Les députés de la commission des lois ont rejeté, ce mercredi 14 janvier, la proposition de loi "visant à interdire le voilement des mineures dans l’espace public". Présenté à l'initiative de Laurent Wauquiez, le texte est inscrit à l'ordre du jour de la "niche parlementaire" du groupe Droite républicaine, qui aura lieu le 22 janvier dans l'hémicycle de l'Assemblée nationale.
Rejetée, avant même d'avoir été examinée. Dès l'ouverture de la discussion ce mercredi 14 janvier, la commission des lois de l'Assemblée nationale a voté les amendements de suppression qui avaient été déposés sur la proposition de loi "visant à interdire le voilement des mineures dans l’espace public".
Doté d'un article unique, le texte - qui doit être débattu dans l'hémicycle lors de la journée d'initiative parlementaire du groupe Droite républicaine le 22 janvier - vise à compléter la loi du 11 octobre 2010 interdisant la dissimulation du visage dans l’espace public, en introduisant l’interdiction pour un parent de contraindre ou d’autoriser sa fille mineure à porter le voile dans l’espace public.
Alors que le rapporteur du texte, Patrick Hetzel (Droite républicaine) a justifié l'objectif du texte par la protection des mineures et la lutte contre "l'une des stratégies d'entrisme de l'islam radical dans notre société", le Rassemblement national a évoqué "un coup de com'". Laurent Jacobelli a ainsi critiqué un texte "objectivement mal écrit, mal ficelé", en incapacité de porter "une vision à 360 degrés". Estimant qu'un "petit pas [valait] mieux que ne rien faire", il a cependant indiqué que son groupe voterait en faveur du texte, "sans joie et sans enthousiasme".
Tous les groupes de gauche ont, en revanche, fait cause commune pour dénoncer un texte qualifié de "raciste", "misogyne" ou encore "ridicule". "Ce texte, je vous le dis sincèrement, me donne la nausée", a ainsi déclaré Hervé Saulignac (Socialistes), qui a défendu un amendement de suppression de la proposition de loi. Evoquant "une vieille marotte assumée de longue date par le RN", il a dénoncé ce qu'il a qualifié de tentative de la Droite républicaine "de dépasser le RN sur sa droite, au risque d'accélérer son processus d'effacement".
Gabrielle Cathala (La France insoumise) a, quant à elle, fustigé un texte "inconstitutionnel, islamophobe et inutile", représentant "une attaque contre les principes de la République". Sur un argument similaire, le président de la commission des lois, Florent Boudié (Ensemble pour la République), a considéré que le texte résultait d'une mésinterprétation du concept de laïcité à la française. Expliquant que cette dernière induisait "la neutralité de l’Etat" et ne s'appliquait pas, en tant que telle, à l'ensemble de l'espace public, il a accusé la Droite républicaine de "tordre" et de "déformer" la loi de 1905.
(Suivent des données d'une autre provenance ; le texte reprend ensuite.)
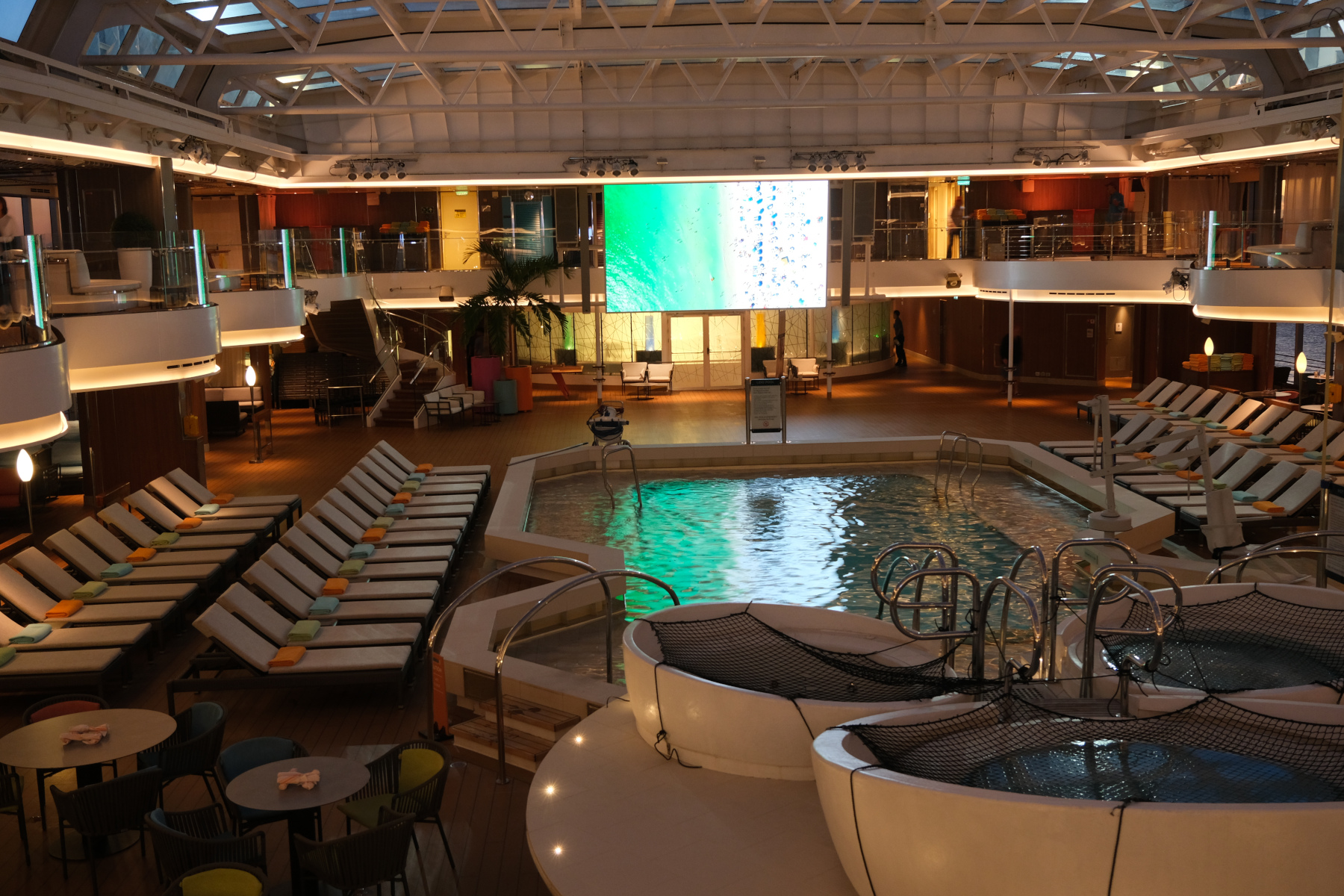 Als we in het atrium staan op dek 1, 2 of 3 en we kijken naar boven, dan zien we een soort blauwe lucht. Met wolken die bewegen. Overdag zien gasten een azuurblauwe lucht en in de avond een sterrenhemel.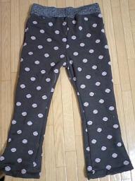 これはママセットにはいっていた生地でつくった子のレギンス。ママ用に一着つくりましたがあまってしまって子の帽子をつくったのですがまだまだあまってる。で、最近めっきり寒くなり、成長して服がまにあわない子のために夜中に作成。この生地かなりかわいいのでリクエストして入れてもらったお品です。ウエストは黒杢リブで、50cm100円だった。あまりにやすいので大量買いしていろんなところに使用中。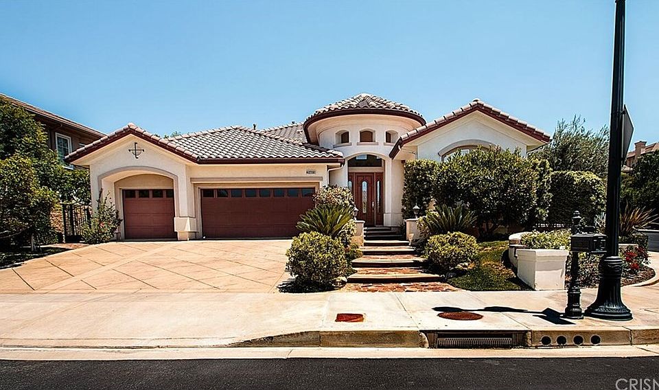 BOM. Located in one of Porter Ranch's most prestigious gated communities, "The Renaissance" , is this stunning single story Mediterranean home. This residence boasts over 2900K sq ft of living space, and features central air & heat, guest bedroom with full bathroom, dedicated laundry room, great room, and attached 3-car garage. The living room offers a modern open floorplan design with built-in alcoves, recessed lighting, stone floors, and elegant lighting fixtures. The great room is the ideal center space for family living, with an open kitchen concept and built-in media center an fireplace in the family room. The kitchen features built-in appliances, breakfast bar, dining area, ample shelving and storage options, and warm natural light and rear yard views. The secondary bedrooms feature plush new carpeting, mirrored sliding wall closets, and generous floor space. The master suite will be your delight and sanctuary, with ample floor space, you can easily create a reading nook or soak in the large tub in the master bathroom after a long day. The rear yard features dual patios. lush manicured lawns, and mature trees, and built-in BBQ.

Entre 15 et 18 ans, une jeune fille est généralement en capacité de discernement. Prisca Thévenot (Ensemble pour la République)
Une ligne sur laquelle une partie du camp présidentiel ne s'est pas entièrement retrouvée, en cohérence avec le président du groupe Ensemble pour la République, Gabriel Attal, qui veut interdire le voile jusqu'à 15 ans dans l'espace public. Cette mesure, plus restrictive donc, que la proposition de loi examinée ce mercredi à l'initiative de Laurent Wauquiez, a été défendue en commission par Prisca Thévenot (EPR), qui a indiqué que son groupe présenterait un amendement en ce sens. Évoquant au travers du voile porté par les plus jeunes "une assignation précoce et une norme imposée", la députée a justifié la nécessité de son interdiction par la volonté de "préserver le temps de l'enfance", estimant en revanche "qu'entre 15 et 18 ans, une jeune fille est généralement en capacité de discernement".
Le rapporteur Patrick Hetzel ayant indiqué son intention de donner un avis favorable à l'amendement annoncé par Prisca Thévenot, le sort du texte dans l'hémicycle la semaine prochaine pourrait dépendre de l'ampleur du soutien du groupe de Gabriel Attal à la proposition de loi, qui serait éventuellement ainsi modifiée. Pour l'heure, en commission, les amendements de suppression des groupes de gauche ayant été adoptés, le texte a été rejeté avant même l'examen de son article unique.